Australia will attend an international meeting in the United Kingdom this month to work to stop a push to reopen commercial whaling.
Australian Environment Minister Senator Ian Campbell said Australia’s position would be forcefully argued by the Government’s International Whaling Commissioner — effectively Australia’s Whale Conservation Commissioner — Mr Howard Bamsey.
Mr Bamsey will depart next week for the meeting in Cambridge to prosecute Australia’s case for a global ban on all forms of scientific and commercial whaling.
The meeting will be held under the auspices of the International Whaling Commission (IWC) to discuss what is called a ‘Revised Management Scheme’ within which pro-whaling nations will push for a return to commercial whaling.
There is currently a moratorium on commercial whaling, however a significant number of members of the IWC have sided with Japan to try to lift this moratorium by negotiating a Revised Management Scheme.
“Australia will continue to oppose any moves to reintroduce commercial whaling,” Senator Campbell said.
“Mr Bamsey has been tasked with working alongside other pro-conservation nations to gain the support necessary to continue the moratorium on whaling with the eventual aim of leading to a permanent ban.”
Japan will this year more than double the number of Antarctic minke whales it has targeted in the past to 935. It also plans to take threatened humpback whales and endangered fin whales, ramping up to 50 of each in 2007/08. Norway and Iceland also continue to undertake whaling in defiance of world opinion.
“Australia strongly objects to all forms of scientific and commercial whaling and will continue to work hard to strengthen and build on the coalition of countries opposed to whaling in the lead up to the next IWC meeting in June,” Senator Campbell said.
“While we continue to review all options to bring about an end to commercial whaling, we believe the most effective way to do this is through international diplomatic effort.

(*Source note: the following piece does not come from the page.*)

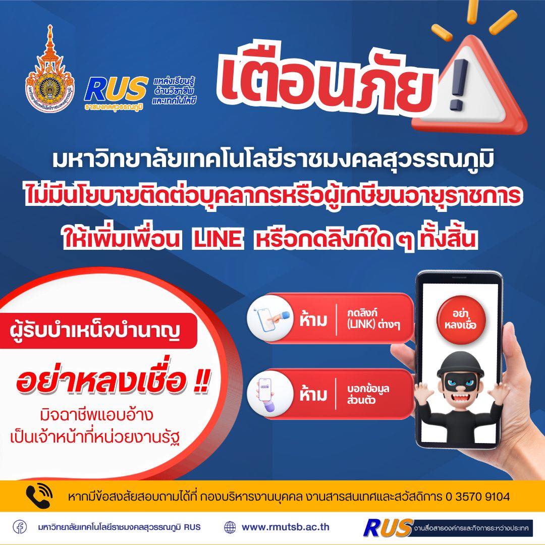 เตือนภัย🚨🚨 มหาวิทยาลัยเทคโนโลยีราชมงคลสุวรรณภูมิ ไม่มีนโยบายติดต่อบุคลากรหรือผู้เกษียนอายุราชการ

“Some will claim that the Australian Government should pursue legal action, but I can assure Australians that if I believed that legal action could put an end to scientific whaling, I would have taken that path.”
This is a view shared by New Zealand’s International Whaling Commissioner and former NZ Labour Prime Minister Sir Geoffrey Palmer, who said: “We have been looking at the legal theories that are available against the Japanese for some months … and there is no legal theory that is available that can prevent, in our view, the Japanese from doing what they are doing … A sovereign government cannot undertake legal action unless it has a good chance of success.” (The Australian newspaper, 16 Jan 2006)
“I do not pretend that our task is an easy one. Nor do I deny that there is a very real possibility that Japan may gain support for its scientific whaling program and other pro-whaling proposals at the next International Whaling Commission meeting in the Caribbean in June,” Senator Campbell said.
“However, I will continue to strongly protest nonetheless and Australians can be assured that I will be working as hard as I can to see that this does not happen.”